Panorama da desolação
Cena de Krum, montagem de Marcio Abreu em cartaz no Oi Futuro/Flamengo (Foto: Nana Moraes)
Texto do israelense Hanoch Levin, Krum evoca a dramaturgia do russo Anton Tchekhov. Como Tchekhov, Levin reúne personagens estagnados, sem perspectivas, que eventualmente se casam ou viajam, experiências que, porém, não provocam um sopro de renovação. Talvez as figuras destacadas por Levin já não tenham muita expectativa em relação a um futuro melhor; estão cientes, em alguns casos, de seus fracassos, a exemplo do personagem-título, que volta desiludido para a sua cidade, onde trava reencontros ásperos com familiares e conhecidos. Entretanto, a desesperança não diz tudo sobre os personagens de Levin, desamparados diante da inevitabilidade da morte.
A montagem de Marcio Abreu, atualmente em cartaz no teatro do Oi Futuro/Flamengo, potencializa, sem reiterar, questões presentes nesse texto de Levin (traduzido por Giovana Soar e adaptado pelo próprio Abreu e por Nadja Naira) escrito na década de 1970. Há uma notável integração entre as criações que compõem a encenação. A trilha e os efeitos sonoros de Felipe Storino sugerem repetição e, ao mesmo tempo, suscitam tensão. O sentido de ameaça é valorizado na iluminação de Nadja Naira, que realça a estrutura fragmentada da peça, principalmente no começo do espetáculo, marcado por rápidas apresentações dos personagens, intercaladas por blackouts. Ao despontarem em cena, sozinhos ou em dupla, os personagens confirmam o panorama arruinado, mas a sensação que fica não é de redundância. Há um certo suspense referente à imagem que está por vir.

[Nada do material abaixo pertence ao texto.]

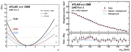Left: negative profile log-likelihood test statistic as a function of the signal strength [22], where denotes standard deviation. Right: ATLAS and CMS experiments invariant mass distribution [22]. Reproduced under the copyright permission from the American Physical Society.
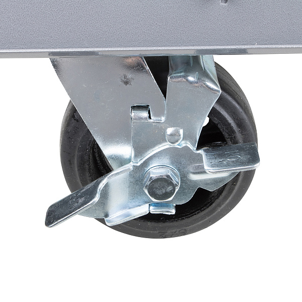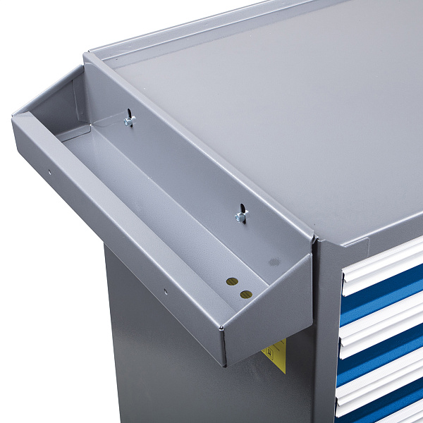 Тумба для инструментов на колесах изготовлена из цельного металлического листа толщиной 1,2 мм. Окрашена в серо-синий цвет порошковым покрытием, что обеспечивает защиту от механических повреждений и коррозии.
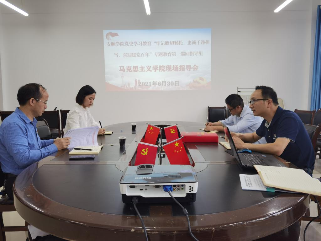 6月30日上午,安顺学院党史学习教育暨“牢记殷切嘱托、忠诚干净担当、喜迎建党百年”专题教育第一巡回指导组组长、学校党委书记罗荣彬带队到马克思主义学院开展党史学习教育巡回指导工作。
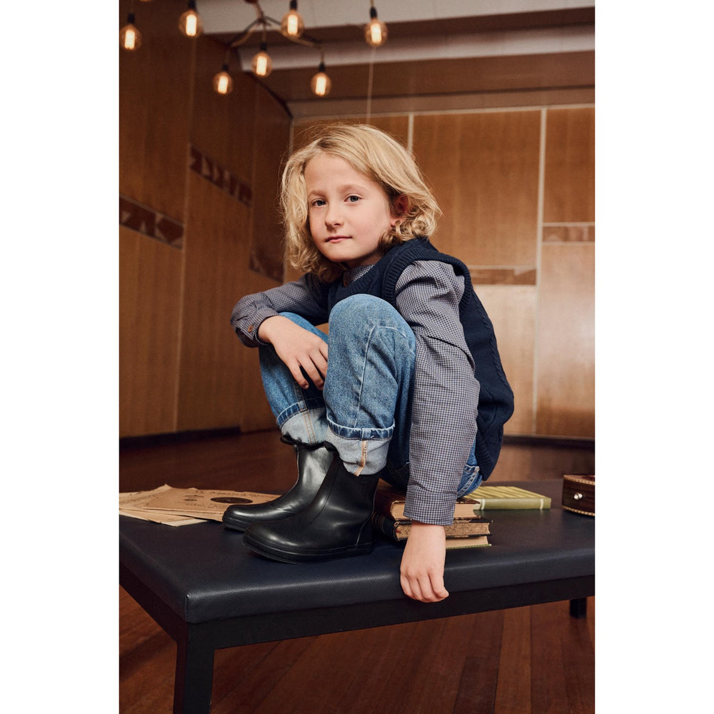 Upptäck Bundgaard Black Rain gummistövlarna – det perfekta valet för små äventyrare! Dessa stilrena låggummistövlar är framställda av flexibelt naturgummi och designade med barnets komfort i åtanke. Med sitt varma nallefoder och avtagbara ullsula håller de små fötterna varma och sköna, även under kyliga dagar. Den ultralätta och mjuka konstruktionen, kombinerat med en bred passform, ger optimal rörelsefrihet och stöd för naturlig fotrörelse. Ingen häldropp på den platta sulan bidrar till barnets stabilitet och balans. Dessutom är Rain helt fria från PVC, PFAS och andra skadliga ämnen, vilket gör dem till ett tryggt val för ditt barns många utomhuslekar. Ett klassiskt, men samtidigt modernt, val som passar perfekt för regniga dagars äventyr.
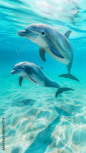 Obraz premium Underwater Dolphins Swimming Gracefully in Ocean
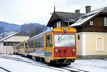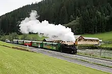 ![]() Поїзд на вузькоколійній залізниці між Мадлінгом і Тамсвегом. 2005 рік. ![]() |
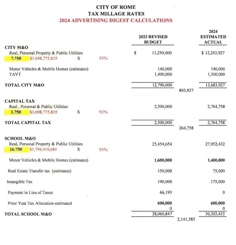 The rate for Rome City Schools would go from 16.85 to 16.75.
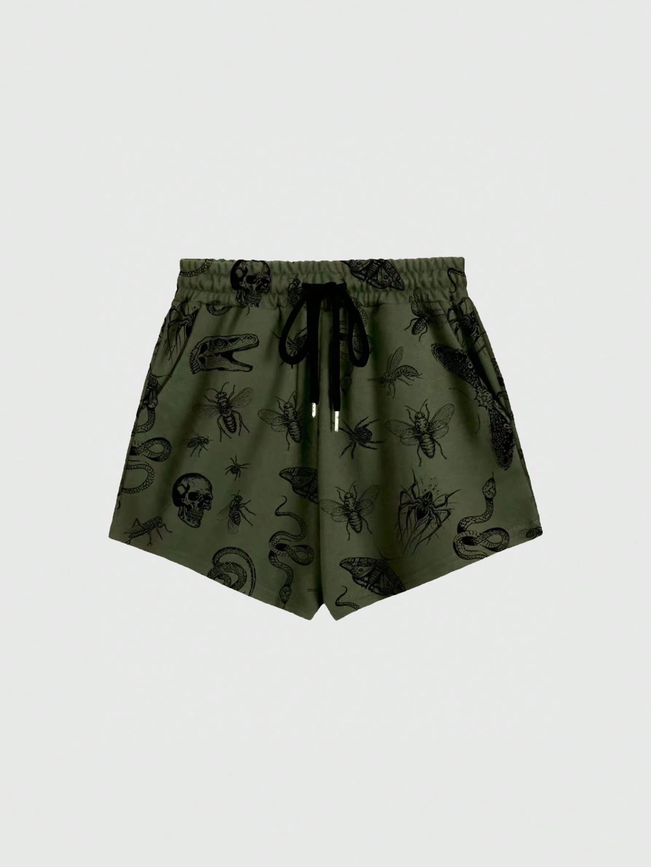 Goth Short décontracté à taille cordon de serrage avec imprimé plante et insecte, grande taille. Convient pour la maison et l'extérieur
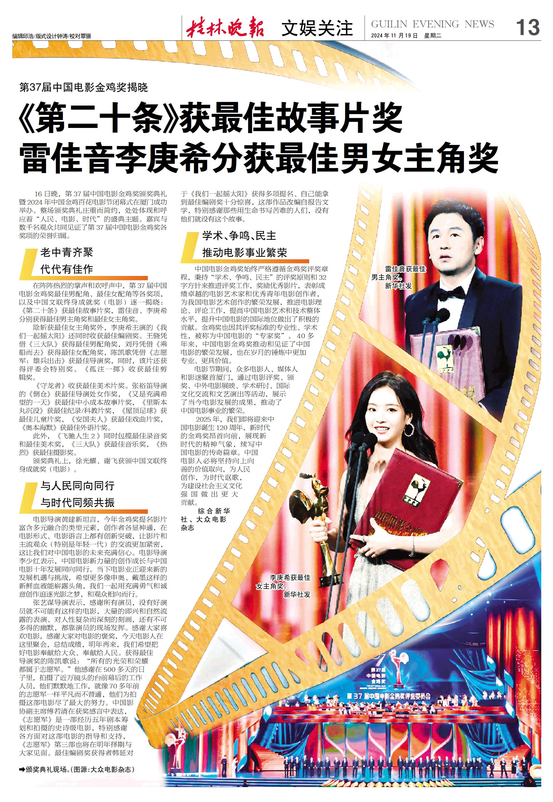 在阵阵热烈的掌声和欢呼声中,第37届中国电影金鸡奖最佳男配角、最佳女配角等各奖项,以及中国文联终身成就奖(电影)逐一揭晓:《第二十条》获最佳故事片奖,雷佳音、李庚希分别获得最佳男主角奖和最佳女主角奖。
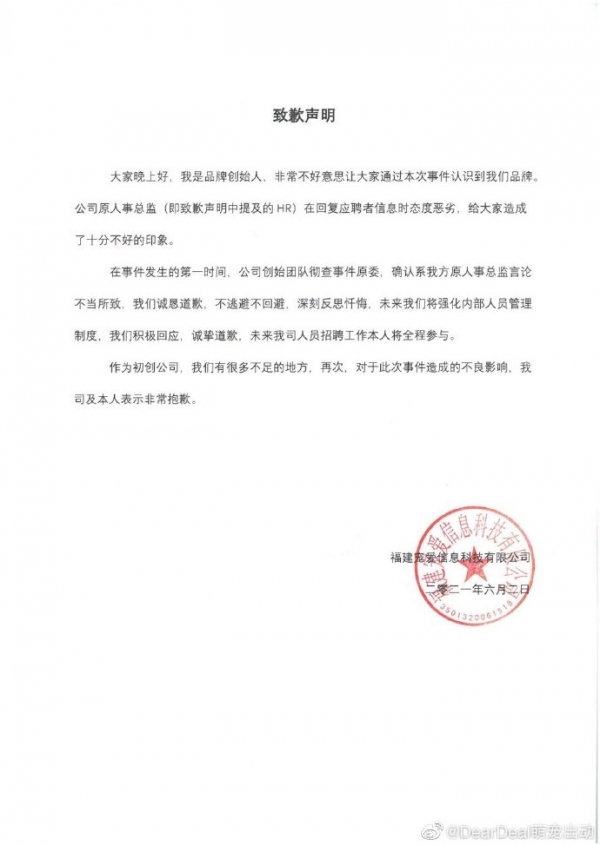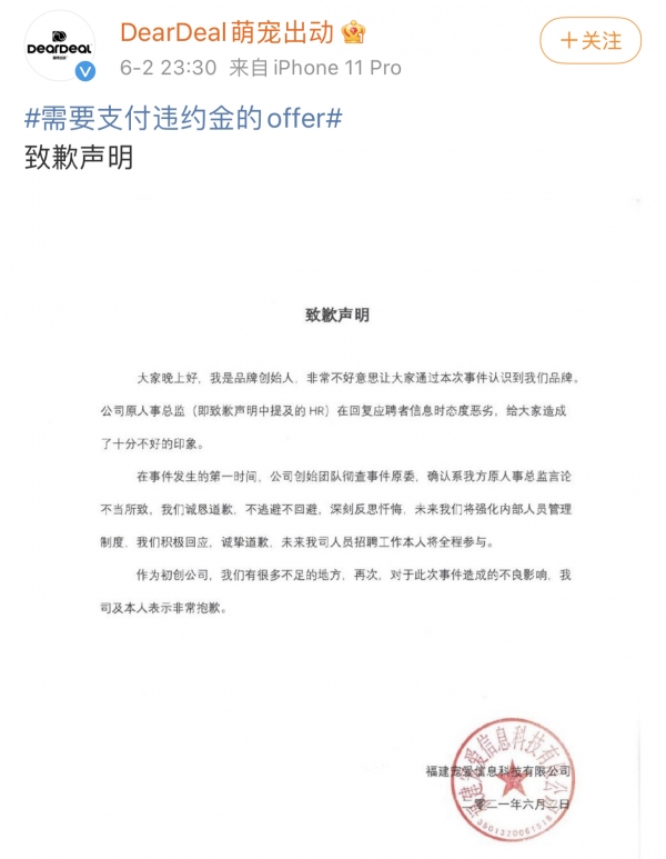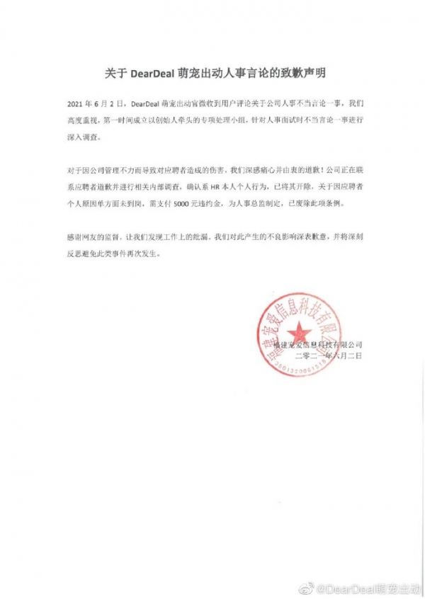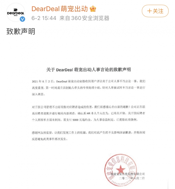 6月2日,@DearDeal萌宠出动 两度发文致歉,承认涉不当言论的人事系该公司人事总监,公司已将其开除;关于因应聘者个人原因单方面未到岗需支付5000元违约金的条例由该人事总监制定,已被废除;公司正在联系发文爆料的应聘者道歉并进行相关内部调查。
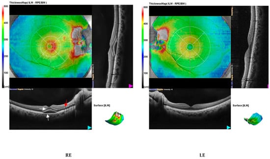 Optical coherence tomography (OCT) of the OU at first presentation showed bilateral papilledema with peripapillary subretinal fluid presence. In the RE, we noticed the presence of intraretinal and subretinal fluid (white arrow) extending from the optic disc along with neurosensory macular detachment and hard exudates in the inner layers of the retina (red arrow). Central macular thickness was 429 μm in the right eye and 317 μm in the left eye.
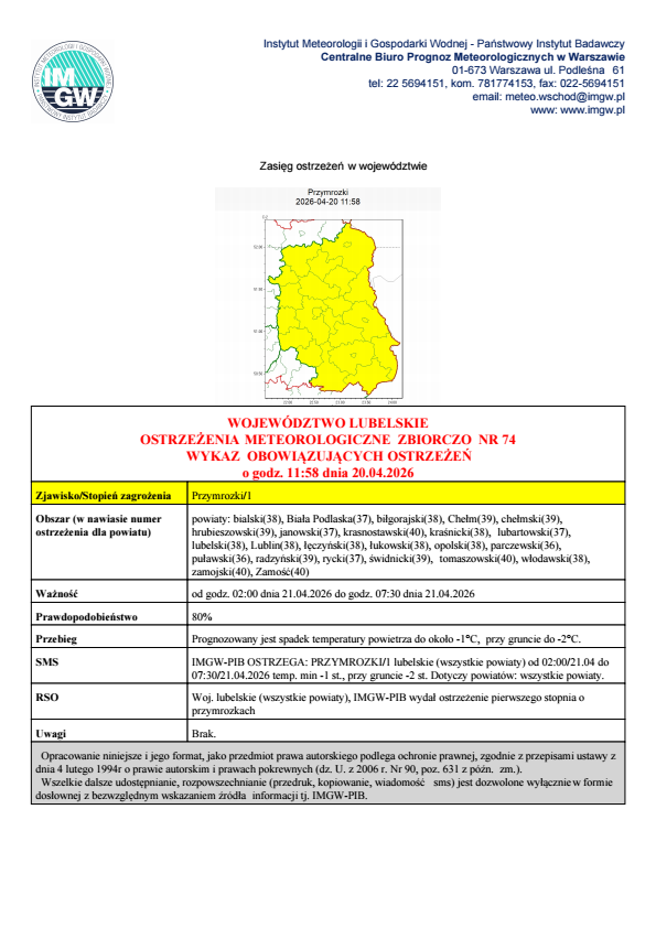 Uwaga przymrozki! 20 Kwi 2026, PonData publikacji, 20 Kwi 2026, Pon, Daniel BetiukAutor, Daniel Betiuk, 87Ilość wyświetleń, 87
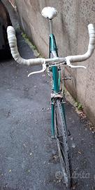Persone alte tra 1.75 e 1.85. Telaio da corsa, manubrio bull horn, cambio posteriore, ruote da 28. Leggera e reattiva. Pneumatici da sostituire.
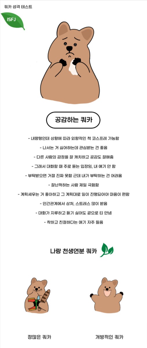 저는 공감하는 쿼카가 나왔네요. ISFJ 성향이라고 해서 놀랐습니다.
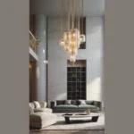 This living room looks like something straight out of a magazine! It’s so fancy and stylish, it almost feels like a palace! The giant chandelier is totally eye-catching, it’s like a sparkly cloud hanging from the ceiling. I bet the couch is super comfy, perfect for a movie marathon with friends.
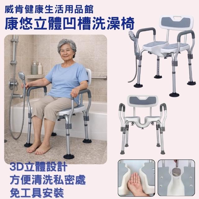 康悠鋁合金洗澡椅 送洗髮帽 3D坐板 老人洗澡椅 凹槽洗澡椅 清洗方便 免工具安裝 沐浴椅
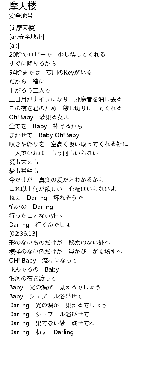 | [02:16.65] | ねぇ Darling 坏れそうで |
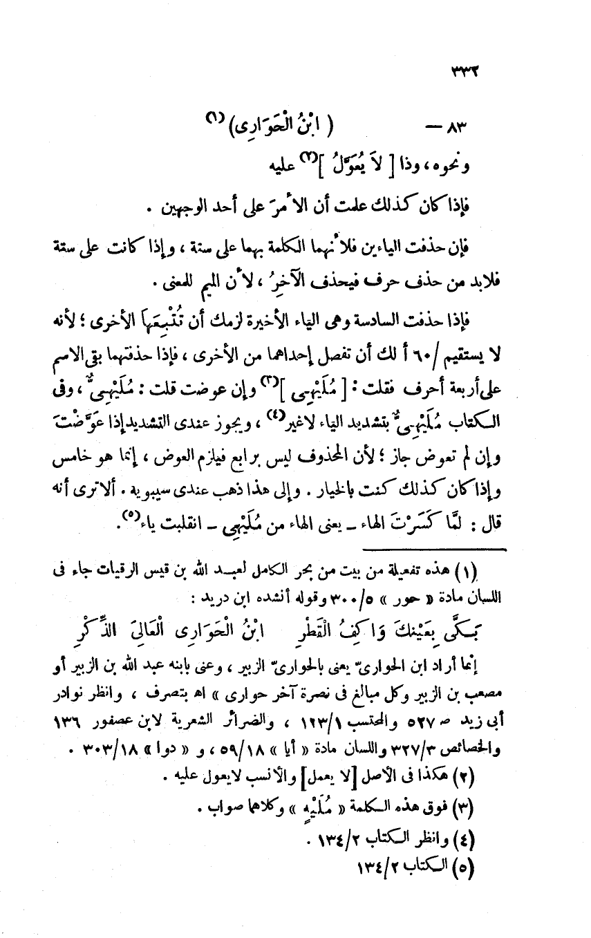 فإذا حذفت السادسة وهي الياء الأخيرة لزمك أن تتبعها الأخرى؛ لأنه لا يستقيم /60 ألك أن تفصل إحداهما من الأخرى، فإذا حذفتهما بقى الاسم على أربعة أحرف فقلت: [مليهى] وإن عوضت قلت: مليهى، وفي الكتاب مليهى بتشديد الياء لا غير، ويجوز عندي التشديد إذا عوضت وإن لم تعوض جاز؛ لأن المحذوف ليس برابع فيلزم العوض، إنما هو خامس وإذا كان كذلك كنت بالخيار. وإلى هذا ذهب عندي سيبويه. ألا ترى أنه قال: لما كسرت الهاء -يعني الهاء من مليهى- انقلبت ياء.
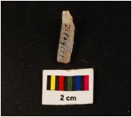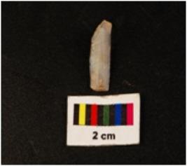 | Description / विवरण | Blade with a curved proximal end, a ridge on dorsal side, broken distal end and use wear marks on both the working edges. |

A iluminação, que se torna menos colorida à medida que o espetáculo avança, também transmite a desolação que atravessa os personagens. O cenário de Fernando Marés – de início, sintético, formado por piano e fileiras de cadeiras que emolduram a cena – gera espacialidade poluída a partir do instante em que os elementos são levados para o meio do palco de maneira propositadamente desajeitada. A direção de movimento de Marcia Rubin é bastante expressiva, em especial nos momentos em que limita as possibilidades de movimentação dos personagens ao confiná-los em espaço espremido, como se estivessem sendo oprimidos por paredes invisíveis. Os atores – Cris Larin, Danilo Grangheia, Edson Rocha, Grace Passô, Inez Viana, Ranieri Gonzalez, Renata Sorrah, Rodrigo Bolzan e Rodrigo Ferrarini – evidenciam um conjunto equilibrado, cabendo elogiar a habilidade de Sorrah nas transições de registro interpretativo e o domínio de Grangheia acerca do cético Krum.